そうなると、社員は自分で考えなくなり、常に指示待ちをする受け身の社員となってしまいます。また、社員が自己成長していないので、従来以上の新しい取り組みや試みは生まれてきません。企業の生産性を上げることはないのです。

最も任せやすい仕事の一つに、既存の定番業務があります。しかし、この場合、仕事を任せるとこれまでのやり方をうわべだけ真似て行うことが多く、結果としてお客様に迷惑をかけるケースも少なくありません。しかし、この失敗では、既存業務だけに前担当者としてフォローしやすい点が多く、社員もフォローしてもらうことで学ぶことが多いものです。さらに失敗をフォローすることで、双方の間に信頼関係が生まれることにつながります。要は、失敗することを前提に仕事を任せることがポイントなのです。

 

仕事を任せるには“対話する姿勢”が必須

 

仕事を任せるといっても、社員を放任したり、社員の仕事を放置したりするとは違います。仕事を任せたとしても、社員に対する日常のフォロー、ケアは必要です。ただし、それは仕事の指示をするのではなく、部下との対話する機会を増やすことです。対話というと、業務をストップさせてしまい、フォローとして回りくどく感じるかもしれません。

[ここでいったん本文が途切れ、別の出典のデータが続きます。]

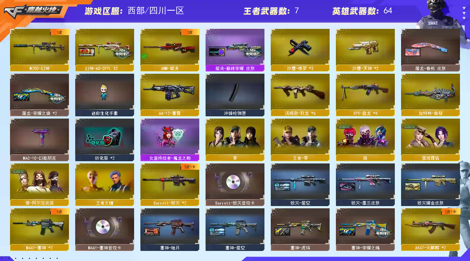 【m200幻神+幻神ag24冠军】【裁决+裁决巅峰荣耀】【4盘龙6烈龙+死亡之眼】【星神漫游+火麒麟巅峰荣耀+毁灭ag冠军+毁灭sv冠军+毁灭2018+雷神荣耀之魄+屠龙荣耀之锋】【毁灭音效卡+雷神音效卡+火麒麟音效卡】【隐+暗夜审判】【火麒麟+雷神+黑骑士+毁灭+炼狱】【火麒麟灵狐+cop旗袍】【1911大黄蜂】【手斧镜】【超级背包+a背包扩展卷】【工具钳+手雷包】;

対話では、あくまでも、社員の視線にあわせて一緒に問題を考えることで、社員に気づきを与えて成長を促します。このステップでヒントを得て、任された仕事を自分なりに改めて考えて、引き続き仕事を遂行することで、この社員が自発的に成長していくことが重要です。

この成長が社内のいろいろな部署で、年間を通じてポツポツ発生することで、相乗効果や連鎖反応となって会社自体の成長にもつながっていきます。

とはいえ、対話は実に難しいものです。頭で理解しているものの、つい親心からアドバイスを超えた指示を、フォローを超えて前に出てしまうことに陥りやすいものです。これでは、社員の成長も双方の信頼関係も生まれてきません。グッと抑えて対応することが求められます。“対話する姿勢”とは、仕事の進捗を確認して、社員には気にかけてもらっているという認識程度に留めておくことがベストな状況で、社員が実際に困った時には、すぐに相談してみようと思わせる環境を作っておくことが大切なのです。そして、社員の相談を受けた場合は、自身のノウハウやできる限りのフォローを行い、しっかり社員をサポートしてあげてください。マネジメント側がこの姿勢を貫くことで、社員との間に信頼感が築かれ、社員のやる気を引き出すことになります。